L = ['E', 'F', 'B', 'A', 'D', 'I', 'I', 'C', 'B', 'A', 'D', 'D', 'E', 'D']

d = {}
for x in L:
    if x in d:
        d[x] = d[x] + 1
    else:
        d[x] = 1
y = sorted(d.keys())
for k in y:
    print("{} appears {} times".format(k, d[k]))

A appears 2 times
B appears 2 times
C appears 1 times
D appears 4 times
E appears 2 times
F appears 1 times
I appears 2 times


With a dictionary that’s maintaining counts or some other kind of score, we might prefer to get the outputs sorted based on the count rather than based on the items. The standard way to do that in python is to sort based on a property of the key, in particular its value in the dictionary.

Here things get a little confusing because we have two different meaning of the word “key”. One meaning is a key in a dictionary. The other meaning is the parameter name for the function that you pass into the sorted function.

Remember that the key function always takes as input one item from the sequence and returns a property of the item. In our case, the items to be sorted are the dictionary’s keys, so each item is one key from the dictionary. To remind ourselves of that, we’ve named the parameter in tha lambda expression k. The property of key k that is supposed to be returned is its associated value in the dictionary.
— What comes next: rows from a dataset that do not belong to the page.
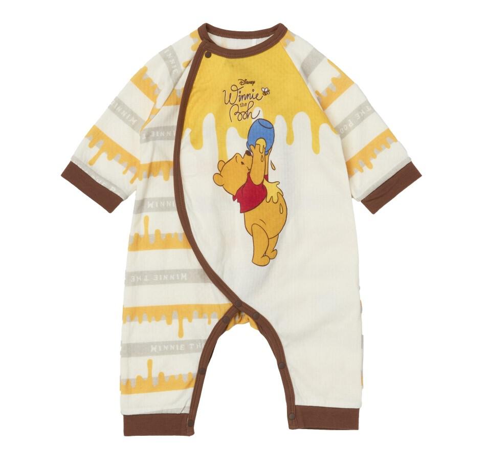 Disney ディズニー 長袖前開きロンパース おしり顔 くまのプーさん ナチュラル×60-70cm)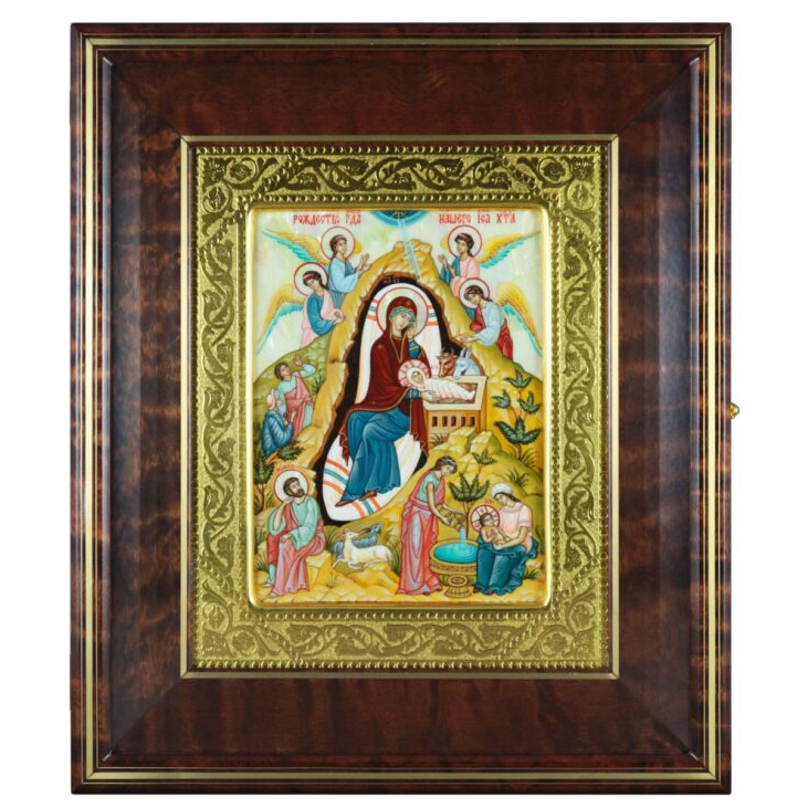Икона "Рождество Христово" в киоте и золотой раме на натуральном перламутре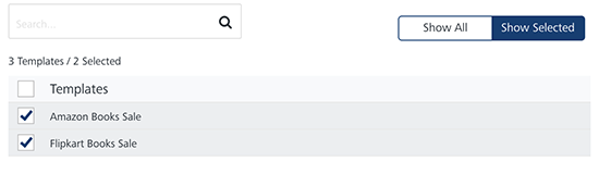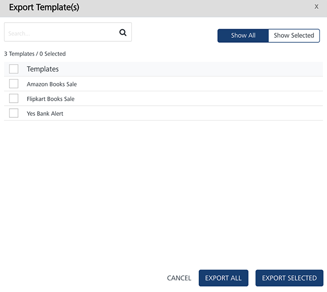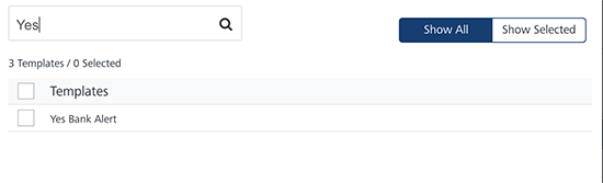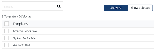 Show Selected: The Show Selected tab displays the selected SMS templates in the list-view. Select the check-box next to the Templates header to select all the SMS templates.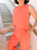 Feminine design meets go-to style. The matching set of cami and wide leg pants is the set your wardrobe's been waiting for.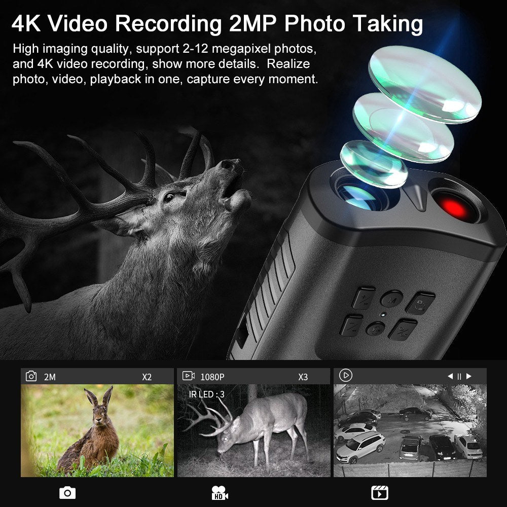 Experience the outdoors like never before with our cutting-edge 4K Infrared Night Vision Device. Engineered with a 3.0-inch digital LCD screen and boasting a high-resolution display of 854x480 pixels, this device offers 2MP clear imaging resolution, perfect for use both day and night.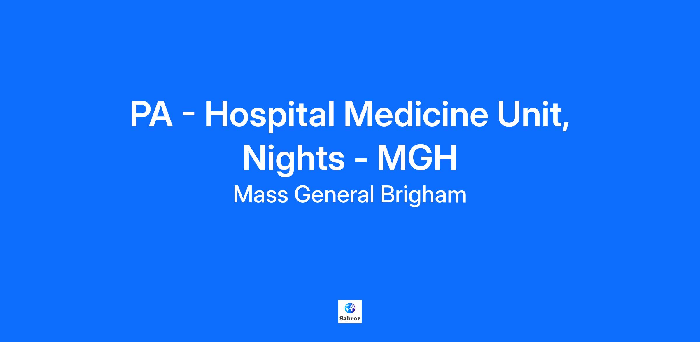 Site: The General Hospital Corporation Mass General Brigham relies on a wide range of professionals, including doctors, nurses, business people, tech experts, researchers, and systems analysts to advance our mission. As a not-for-profit, we support patient care, research, teaching, and community service, striving to provide exceptional care. We believe that high-performing teams drive groundbreaking medical discoveries and invite all applicants to join us and experience what it means to be part of Mass General Brigham. This is a NIGHT role (6:45pm-7am) and includes a rotation of weekends and holidays (major and minor) and a weekend commitment. General medical inpatient or ICU experience is preferred with a minimum of at least 2 year of PA experience required; however, applicants with other PA experience may be considered. Candidates with direct patient care experience as a PA on an inpatient medicine floor or in the ICU are strongly preferred. Job Summary The Physician Assistant (PA) is a licensed provider. The PA is responsible for the assessment and management of various populations of patients, medical and/or surgical, including diagnostic and therapeutic interventions, development of appropriate plans of care and ongoing evaluation. Does this position require Patient Care? Yes Essential Functions -Provides direct care, counseling, and teaching to a designated patient population in the ambulatory, inpatient, operative, and/or procedural setting. -Performs complete histories and physical examinations. -Orders, interprets, and evaluates appropriate laboratory and diagnostic tests. -Develops appropriate plans of care and follow-up based on the outcomes of diagnostic, laboratory, and physical examination findings. -Orders medications and writes prescriptions according to organizational and regulatory policies and procedures. -Consistently provides high quality and timely documentation including admission and progress notes, procedure notes, operative notes and discharge summaries. -Performs bedside procedures as are appropriate to the patient population. Qualifications Education Master's Degree Physician Assistant required Can this role accept experience in lieu of a degree? No Licenses and Credentials Physician Assistant , MA Experience Experience as a licensed Physician Assistant preferred Knowledge, Skills and Abilities - Skilled in taking medical histories to assess medical condition and interpret findings. - Ability to maintain quality control standards. - Ability to react calmly and effectively in emergency situations. - Ability to interpret, adapt and apply guidelines and procedures. - Ability to communicate clearly and establish/maintain effective working relationships with patients, medical staff and the public. Additional Job Details (if applicable) Remote Type Onsite Work Location 55 Fruit Street Pay Range $120,390.40 - $170,456.00/Annual Grade 7 At Mass General Brigham, we believe in recognizing and rewarding the unique value each team member brings to our organization. Our approach to determining base pay is comprehensive, and any offer extended will take into account your skills, relevant experience if applicable, education, certifications and other essential factors. The base pay information provided offers an estimate based on the minimum job qualifications; however, it does not encompass all elements contributing to your total compensation package. In addition to competitive base pay, we offer comprehensive benefits, career advancement opportunities, differentials, premiums and bonuses as applicable and recognition programs designed to celebrate your contributions and support your professional growth. We invite you to apply, and our Talent Acquisition team will provide an overview of your potential compensation and benefits package. EEO Statement: The General Hospital Corporation is an Equal Opportunity Employer. All qualified applicants will receive consideration for employment without regard to race, color, religious creed, national origin, sex, age, gender identity, disability, sexual orientation, military service, genetic information, and/or other status protected under law. We will ensure that all individuals with a disability are provided a reasonable accommodation to participate in the job application or interview process, to perform essential job functions, and to receive other benefits and privileges of employment. To ensure reasonable accommodation for individuals protected by Section 503 of the Rehabilitation Act of 1973, the Vietnam Veteran’s Readjustment Act of 1974, and Title I of the Americans with Disabilities Act of 1990, applicants who require accommodation in the job application process may contact Human Resources at (857)-282-7642. Mass General Brigham Competency Framework At Mass General Brigham, our competency framework defines what effective leadership “looks like” by specifying which behaviors are most critical for successful performance at each job level. The framework is comprised of ten competencies (half People-Focused, half Performance-Focused) and are defined by observable and measurable skills and behaviors that contribute to workplace effectiveness and career success. These competencies are used to evaluate performance, make hiring decisions, identify development needs, mobilize employees across our system, and establish a strong talent pipeline. Combat disease. Hold a hand. Help people. Impact the world. Mass General Brigham is a passionate, welcoming community where minds meet caring hearts. Come be a part of the world’s most powerful force in medicine, where every role is important in changing lives. Are you ready? Our history includes New England hospitals founded over 200 years ago, some of the first and most prestigious hospitals in the world. Built on the legacy of two leading academic medical centers, we’re more than a system—we’re leaders in the practice of medicine. Mass General Brigham is committed to serving the co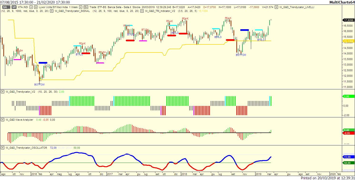 L’analisi grafica di LYXOR ETF MSCI INDIA FR0010361683 ci mostra il Trendycator LONG da una settimana con la seconda attualmente in formazione. Come visto per molti asset in questi ultime mesi, abbiamo anche qui il comune denominatore di un bel BOTTOM a fine 2018.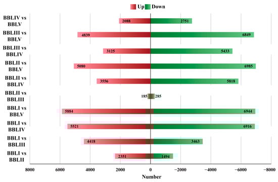 Overall, 30,556 transcripts were simultaneously expressed in the leaves of five different stages (Figure 6). Meanwhile, 4529 DETs exhibited stage-specific expression, with 1230, 215, 681, 980, and 1423 transcripts specifically expressed in BBLI, BBLII, BBLIII, BBLIV, and BBLV, respectively. To identify the key genes involved in terpenoid biosynthesis in B. balsamifera, we identified 25,200 DETs in 10 combinations (BBLI vs. BBLII, BBLI vs. BBLIII, BBLI vs. BBLIV, BBLI vs. BBLV, BBLII vs. BBLIII, BBLII vs. BBLIV, BBLII vs. BBLV, BBLIII vs. BBLIV, BBLIII vs. BBLV, and BBLIV vs. BBLV) based on NGS sequencing data. Among all of the DETs, the highest number of transcripts (12,828)—comprising 5884 up-regulated genes and 6944 down-regulated genes—were differentially expressed between BBLI and BBLV. This suggested a large biological difference between BBLI and BBLV. However, only a few of the transcripts (470) were differentially expressed between BBLII and BBLIII (Figure 7).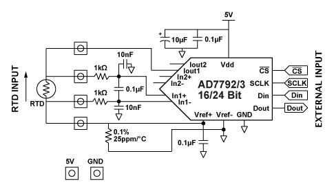 Hallo Ich möchte mittels Pt100, welcher per 4-Leitertechnik an einen AD7793 angeschlossen ist, eine Temperatur im Bereich von ca. -50...+100°C messen können. Leider habe ich auf diesem Gebiet fast keine Ahnung und stecke nun fest... Die Schaltung im Anhang habe ich im Netz gefunden und soweit ich das sehe, sollte sie für meine Anwendung passen. Nun zur Frage; wie ist denn der 0.1% Präzisionswiderstand (unten) zu dimensionieren und auf was muss man achten? Danke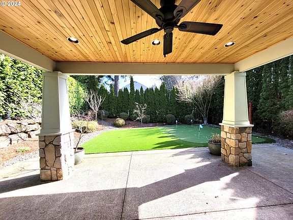 Golfers dream- Putt where you live! Better than new in Happy Valley's Eagle Landing with 3-4 bedrooms,(large bonus could be 4th)and oversized 2 1/2 car garage! Over $64,000 in upgrades and appliances included adds value to this home! Enjoy outdoor entertaining beautiful private back yard with covered patio area with ceiling fan, backyard turf with PUTTING GREEN, fully fenced with mature arborvitae, the perfect private outdoor living space! You will love this 2005 Renaissance home with plenty of upgrades and floor plan, spacious rooms, unique round entry with art niche, large great room open to kitchen with large entertainment center wall with 10' mantel, built in shelving and gas fireplace! Large kitchen/nook open to great room with hardwood floors, granite slab counters and pantry! Spacious Primary suite with huge bathroom with tile floors, 2 vanities, 6' soaker tub and enormous huge walk in closet-gives you all the space you need! Owners have made many more updates including Bosch dishwasher, 4 burner DCS pro gas cooktop with Jennaire downdraft, french door refrigerator, full height tile backsplash, under cabinet lighting, granite slab and pantry. Nice upper level laundry with Electrolux Washer and Dryer on pedestals, folding counter and built-in cabinets. Other improvements include- high efficiency gas furnace, gas water heater, air conditioner, garage door- means no worries on systems for years! Extra 15' deep tandem garage space perfect for storing your gear- e-bikes or motorcycle! Great location near Eagle Landing golf course and restaurants and shopping at Clackamas Town Center. Easy 15-20 minutes to PDX airport commute.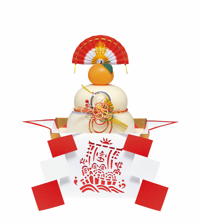 光沢のある容器にお餅を充填した、重量感のあるお鏡餅です。ジャストサイズの橙付でお飾り楽楽です。 ※末広・橙・水引・奉書・敷紙・しで・三方が付いています。

Hence, we have the lambda expression lambda k: d[k].



In [19]:
L = ['E', 'F', 'B', 'A', 'D', 'I', 'I', 'C', 'B', 'A', 'D', 'D', 'E', 'D']

d = {}
for x in L:
    if x in d:
        d[x] = d[x] + 1
    else:
        d[x] = 1

y = sorted(d.keys(), key=lambda k: d[k], reverse=True)
for k in y:
    print("{} appears {} times".format(k, d[k]))

D appears 4 times
E appears 2 times
B appears 2 times
A appears 2 times
I appears 2 times
F appears 1 times
C appears 1 times


In [20]:
# Here’s a version of that using a named function.
L = ['E', 'F', 'B', 'A', 'D', 'I', 'I', 'C', 'B', 'A', 'D', 'D', 'E', 'D']

d = {}
for x in L:
    if x in d:
        d[x] = d[x] + 1
    else:
        d[x] = 1

def g(k):
    return d[k]

y =(sorted(d.keys(), key=g, reverse=True))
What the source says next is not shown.